## WORK TASK
Restate word for word the lines of the records below, starting at the line that contains "view specific actuals." and ending at the line that contains "4. Para usuarios", with both of those lines included and nothing else.

## RECORDS TO PROCESS
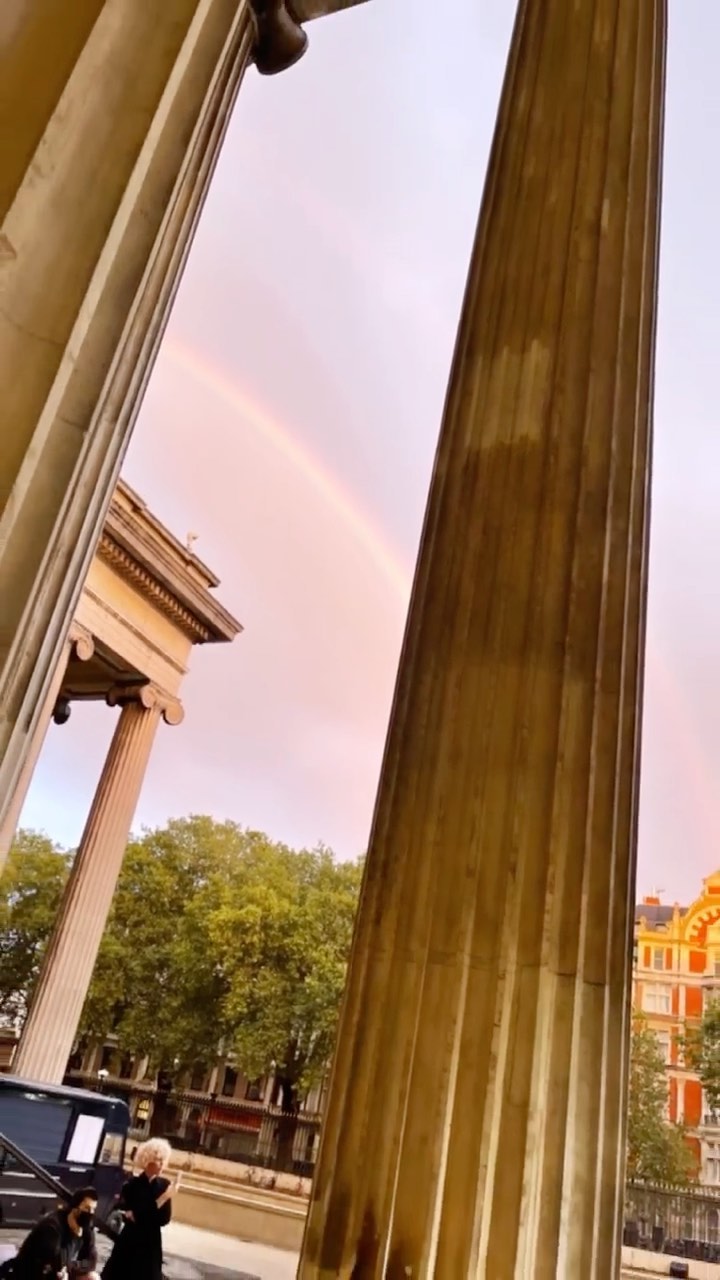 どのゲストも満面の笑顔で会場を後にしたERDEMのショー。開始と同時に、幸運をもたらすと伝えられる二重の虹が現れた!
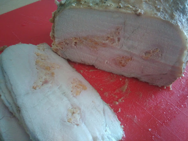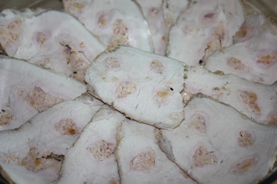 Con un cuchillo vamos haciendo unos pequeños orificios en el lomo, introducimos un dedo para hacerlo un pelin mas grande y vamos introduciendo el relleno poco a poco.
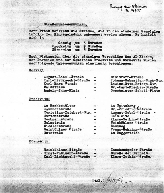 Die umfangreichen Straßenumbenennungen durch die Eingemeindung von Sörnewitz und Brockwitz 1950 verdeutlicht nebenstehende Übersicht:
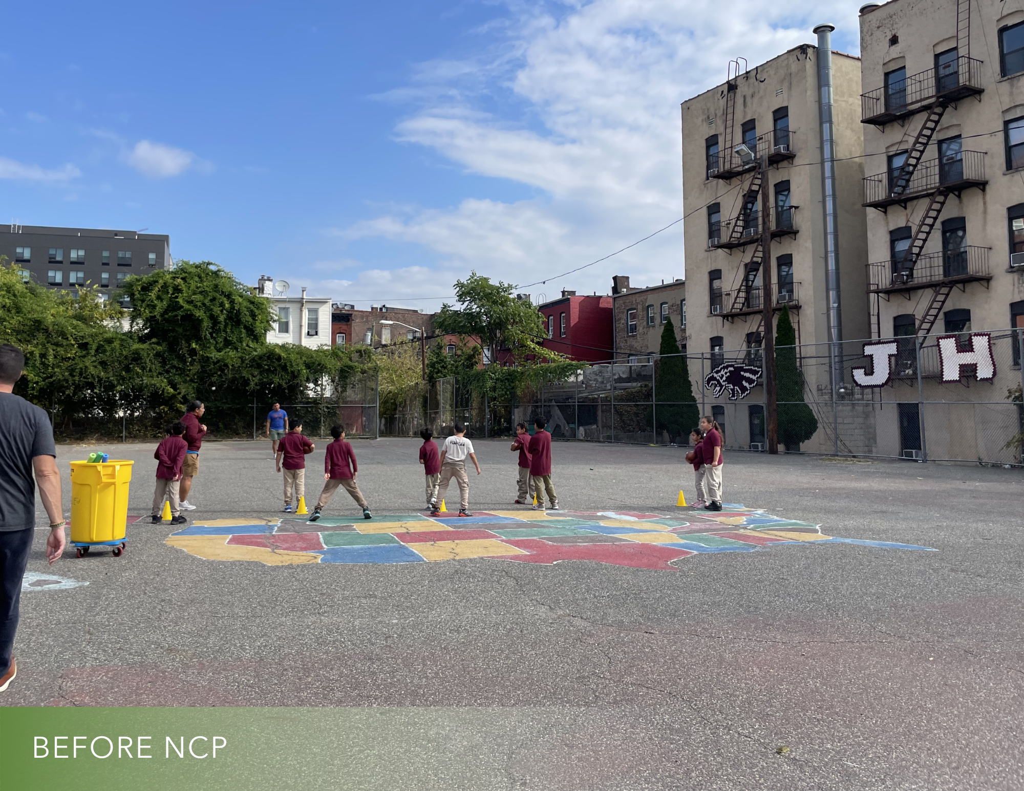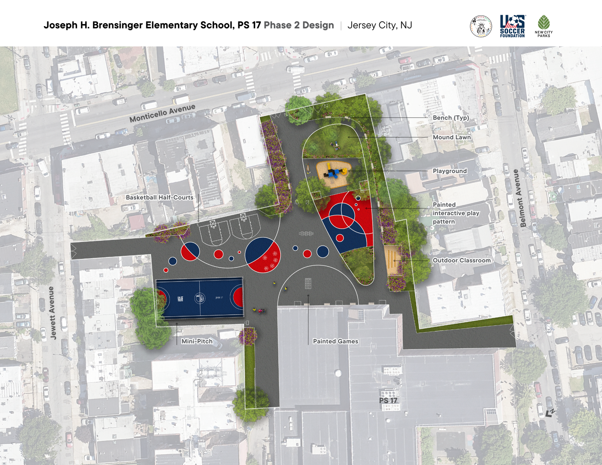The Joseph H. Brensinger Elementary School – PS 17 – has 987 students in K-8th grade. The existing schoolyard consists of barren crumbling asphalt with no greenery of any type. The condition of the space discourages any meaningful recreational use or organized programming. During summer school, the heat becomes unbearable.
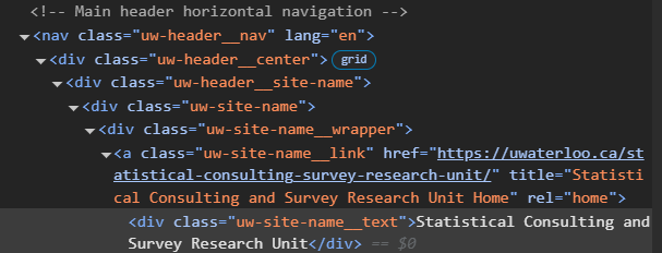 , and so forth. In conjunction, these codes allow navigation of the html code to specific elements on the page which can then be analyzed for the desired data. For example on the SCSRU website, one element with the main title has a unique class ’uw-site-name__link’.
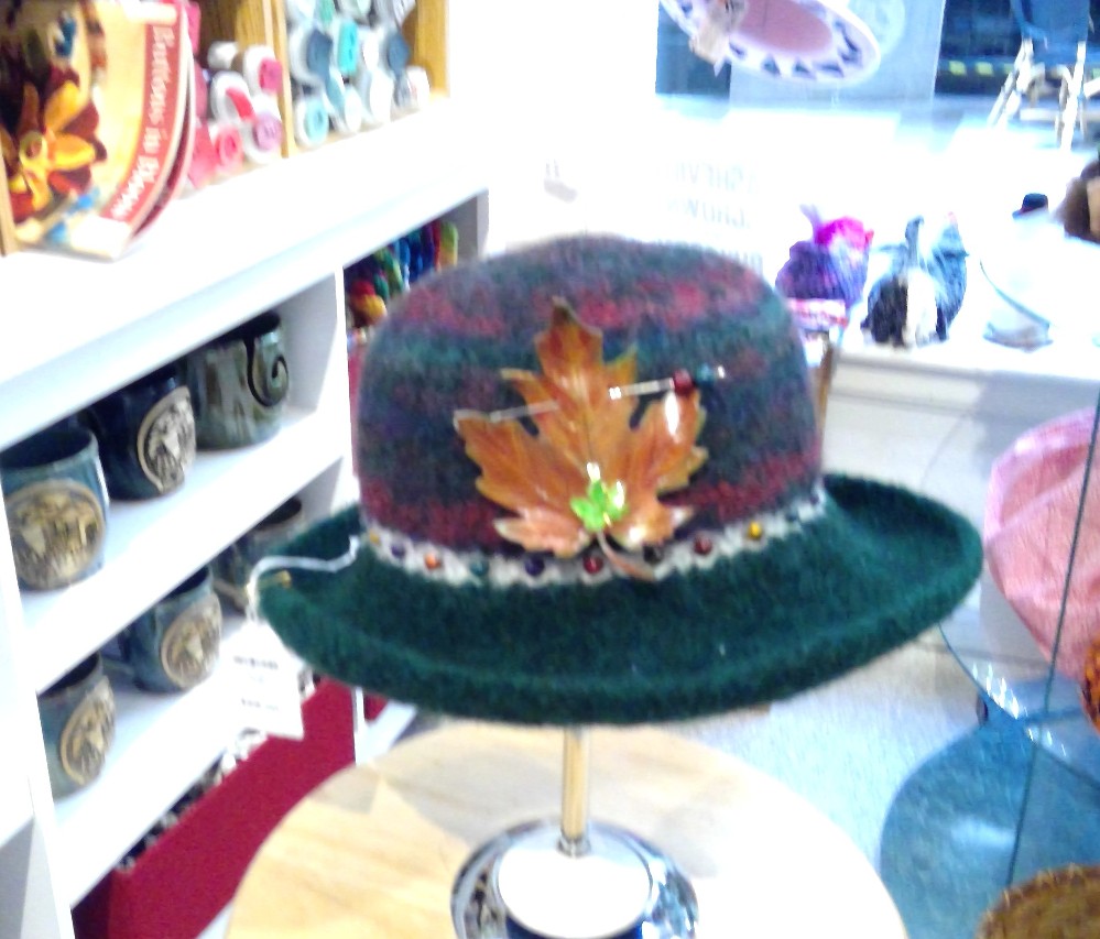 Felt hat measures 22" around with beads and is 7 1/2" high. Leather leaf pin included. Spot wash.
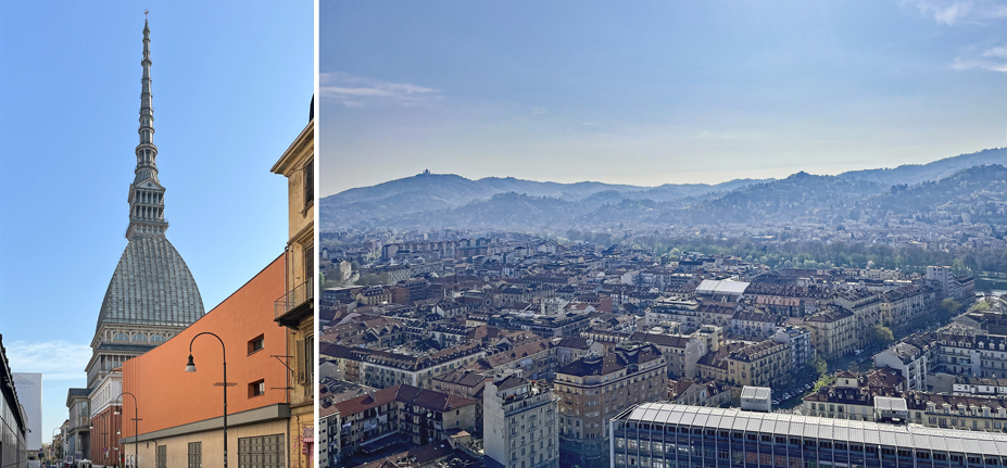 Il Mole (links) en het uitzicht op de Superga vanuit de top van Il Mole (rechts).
...
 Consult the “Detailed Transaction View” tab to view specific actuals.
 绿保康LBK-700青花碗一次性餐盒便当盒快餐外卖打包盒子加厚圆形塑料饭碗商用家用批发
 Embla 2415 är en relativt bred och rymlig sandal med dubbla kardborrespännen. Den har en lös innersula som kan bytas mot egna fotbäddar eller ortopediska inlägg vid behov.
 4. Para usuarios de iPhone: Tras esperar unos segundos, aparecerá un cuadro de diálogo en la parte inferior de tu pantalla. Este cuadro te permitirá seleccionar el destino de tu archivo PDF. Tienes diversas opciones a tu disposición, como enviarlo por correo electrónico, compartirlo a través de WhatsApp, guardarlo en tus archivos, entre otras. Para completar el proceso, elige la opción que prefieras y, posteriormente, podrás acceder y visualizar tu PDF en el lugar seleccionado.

## ANSWER AREA
 Consult the “Detailed Transaction View” tab to view specific actuals.
 绿保康LBK-700青花碗一次性餐盒便当盒快餐外卖打包盒子加厚圆形塑料饭碗商用家用批发
 Embla 2415 är en relativt bred och rymlig sandal med dubbla kardborrespännen. Den har en lös innersula som kan bytas mot egna fotbäddar eller ortopediska inlägg vid behov.
 4. Para usuarios de iPhone: Tras esperar unos segundos, aparecerá un cuadro de diálogo en la parte inferior de tu pantalla. Este cuadro te permitirá seleccionar el destino de tu archivo PDF. Tienes diversas opciones a tu disposición, como enviarlo por correo electrónico, compartirlo a través de WhatsApp, guardarlo en tus archivos, entre otras. Para completar el proceso, elige la opción que prefieras y, posteriormente, podrás acceder y visualizar tu PDF en el lugar seleccionado.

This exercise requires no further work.